Outside the U.S., Amazon’s Prime Video platform is perhaps the only other streaming entertainment provider that has established competitive footing with viewers. “No one can keep up with Netflix except for somebody like Disney or Amazon,” says Pivotal analyst Jeff Wlodarczak.
But in the case of Amazon, whose primary goal with its Prime Video programming is to enlist more paying customers for its overall Prime membership service, Wlodarczak believes the depths of its Hollywood efforts could be limited by internal calculations about how much it needs to spend on content to attract new consumers. Netflix’s business model, by contrast, relies solely on subscribers to its films and TV shows. It lives and dies by its programming.
Filmmakers and creatives around the world are putting their faith in Netflix to carry their stories, sometimes choosing the service over more traditional routes.
Motwane may get annoyed when people refer to “Sacred Games” as a “web series,” but he is nevertheless forgoing a theatrical release in favor of unveiling his next major feature film, “AK vs AK,” starring Anil Kapoor, on Netflix. At least prior to the pandemic, the Indian theatrical market was saturated, he says, with a big movie coming out every two weeks, making it tougher for smaller films to survive in theaters.
“The streamers are going to change that,” Motwane says. “I think that the pandemic is giving people a taste of what it is like to watch movies at home. I believe that that’s going to really change the way that we consume a lot of our content.”

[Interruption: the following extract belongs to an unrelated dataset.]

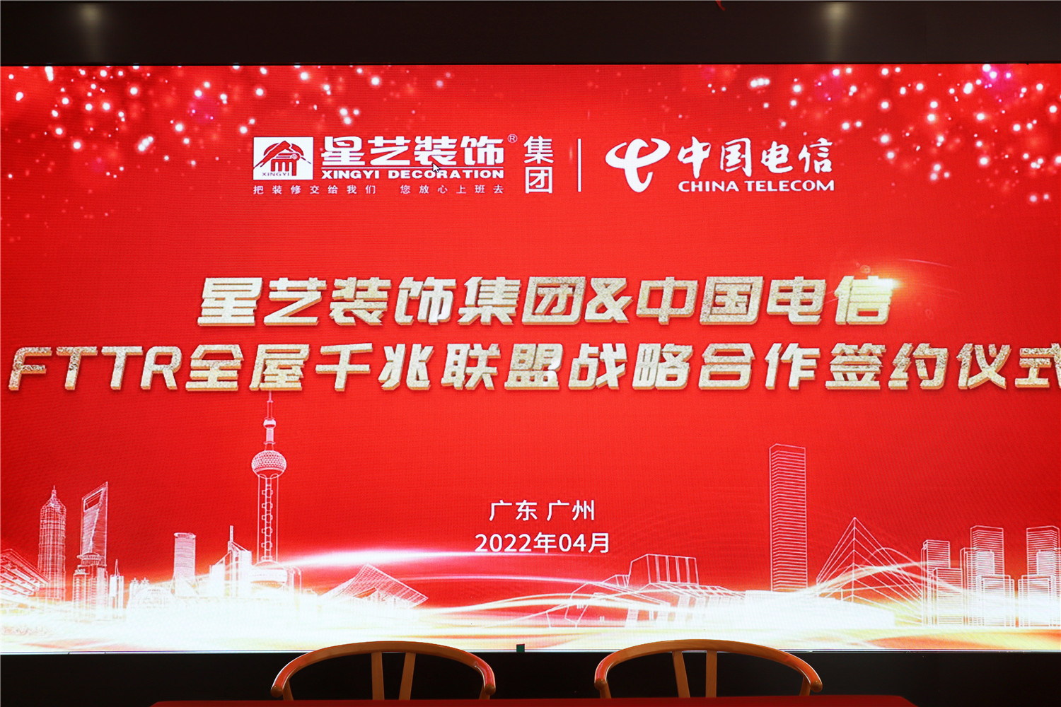 2022年4月24日,星藝裝飾廣州分公司與中國電信廣州分公司FTTR全屋千兆項目戰略合作簽約儀式在廣州市星藝整裝體驗館圓滿舉行,在立足客戶需求為出發點,合作共贏的基礎上,正式達成FTTR全屋千兆項目戰略合作伙伴關系,實現強強聯合、優勢互補。

India has a rich history of storytelling, with an audience that “devours entertainment,” says Bajaria, noting that the streamer has added several experienced unscripted executives to its ranks in the country. Netflix has been investing in the region, putting more than $400 million into local-language projects in India through 2020.
It’s an exciting time for the Netflix India team, says Bajaria. And what remains truly electrifying for her, as it has throughout her career, is creating space for more representation on TV.
“This idea of really having lots of different kinds of lives reflected on-screen, and having those stories told in that way, and people who look and speak in different languages — and to see those stories reflected — is really important to me,” she says. “Being able to export those stories all over the world, at this scale, is really exciting.”